Richard Cartwright (Raymond Walburn) is planning a hot date with two women, neither of them his wife — long-suffering Frances Cartwright (Billie Burke — Walburn was quite a comedown from her real-life husband, the late Florenz Ziegfeld!) — he’s planning to drive them down to San Diego for a day at the Del Mar racetrack, but he gets delayed when he strikes down 82-year-old Annie Reed (Beulah Bondi, who must have been wearing some age makeup since she was only 57 when she made this film) while she’s walking across the street to attend Breakfast in Hollywood. She’s had a ticket to the show for months now and so she refuses to go to the hospital, insisting on completing her walk to the restaurant where the show is broadcast from, and she gets the commemorative orchid for being the oldest person there — only just then she collapses from her injuries in the accident. Elvira Spriggens (ZaSu Pitts) is there hoping to win the silliest-hat contest with a construction that looks something like the model for a Frank Lloyd Wright building, but Hedda Hopper (playing herself) beats her out with something that contains a goldfish bowl on top of her head. Eventually Ken tries to kiss Dorothy (they’re at a photo booth in an amusement park) — he knows her engagement is off but she doesn’t, and she gets upset with him and there are about four more reels of complications before she sets off on the bus back home to Minnesota, Breneman has the bus intercepted and Dorothy arrested for supposedly stealing the “wishing ring” she actually won fair and square, and ultimately she and Ken get together and make plans for marriage and a joint return to Minnesota to raise crops, animals and children. Richard Cartwright suffers the tortures of the damned trying to get away with his two young lovelies — we’re obviously meant to disapprove but actually we feel sorry for the guy — and meanwhile his wife goes through a Breneman-engineered makeover and he now finds her more attractive than the bimbos. (I couldn’t help but make jokes about Billie Burke’s most famous role; when Richard is trying to describe his wife I said he should have told the other person, “She looks just like the Good Witch in The Wizard of Oz,” and earlier when she was debating how she was going to get to Breneman’s broadcast I said, “Why don’t you just take your bubble?”)

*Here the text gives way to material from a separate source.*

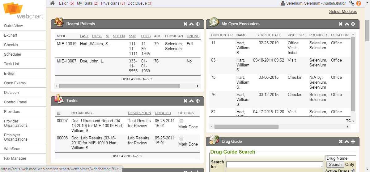 Searching for a patient’s chart still begins at the E-Chart tab. The overall look and feel of the patient search matches the new Enterprise Health styling, including the tabs. The E-Chart defaults to the Patient Summary page. The Patient Summary displays data in portlets much like the Quick View.
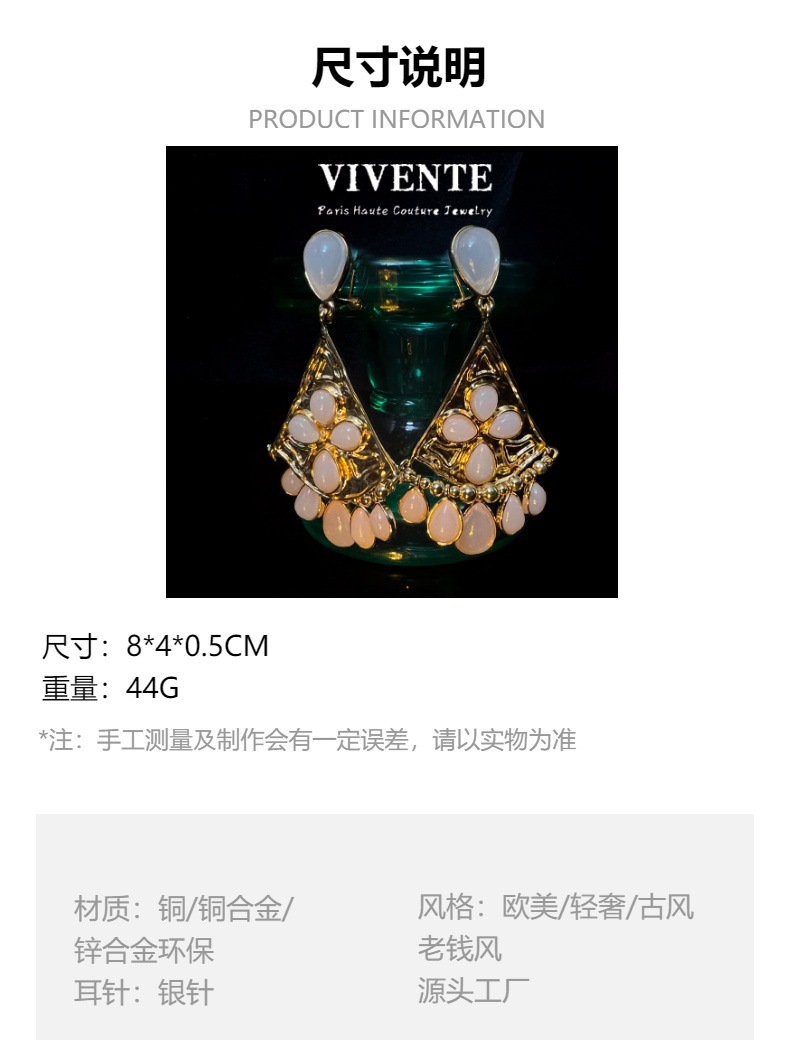 欧美跨境原单扇形天然石耳坠古森古董vintageS925中古风耳饰批发 投诉

The show also features musical guests Spike Jones and His City Slickers (all the clanging and banging of his gag percussion gets a bit oppressive after a while, but his novelty songs are still pretty funny, especially the novelty he does called “Hedda Hopper’s Hats”!), singer Andy Russell (a nice crooner/balladeer who does “If I Had a Wishing Ring” and two Spanish-language songs with English lyrics, “Magic Is the Moonlight” — which I hadn’t heard before — and “Amor,” which I had) and, best of all, Nat “King” Cole and the King Cole Trio, doing Don Raye’s “Solid Potato Salad” and a song written for the film by Cole himself in collaboration with Bob Wells (also Mel Tormé’s collaborator on Cole’s enormous hit “The Christmas Song”) called “It’s Better to Be By Yourself.” It’s often forgotten that before he emerged as a great singer Cole was a top-flight jazz piano player; quite a few of his early records are instrumentals and he recorded with such major jazz names as Lester Young, Buddy Rich, Charlie Shavers and the original Jazz at the Philharmonic group (which despite the viscerally exciting horn playing from Shorty Sherock, Illinois Jacquet and the usually much subtler J. J. Johnson, is actually at its best from a jazz standpoint when two people who became legendary names in the pop music market in the 1950’s, Cole and Les Paul, are front and center), and we get some choice glimpses here of his long, spidery fingers at the keys as well as some of the infectious jump-blues singing he did before he started recording ballads with big string orchestras. The pop world’s gain was the jazz world’s loss, yet I find Cole delightful listening in both jazz and ballad modes!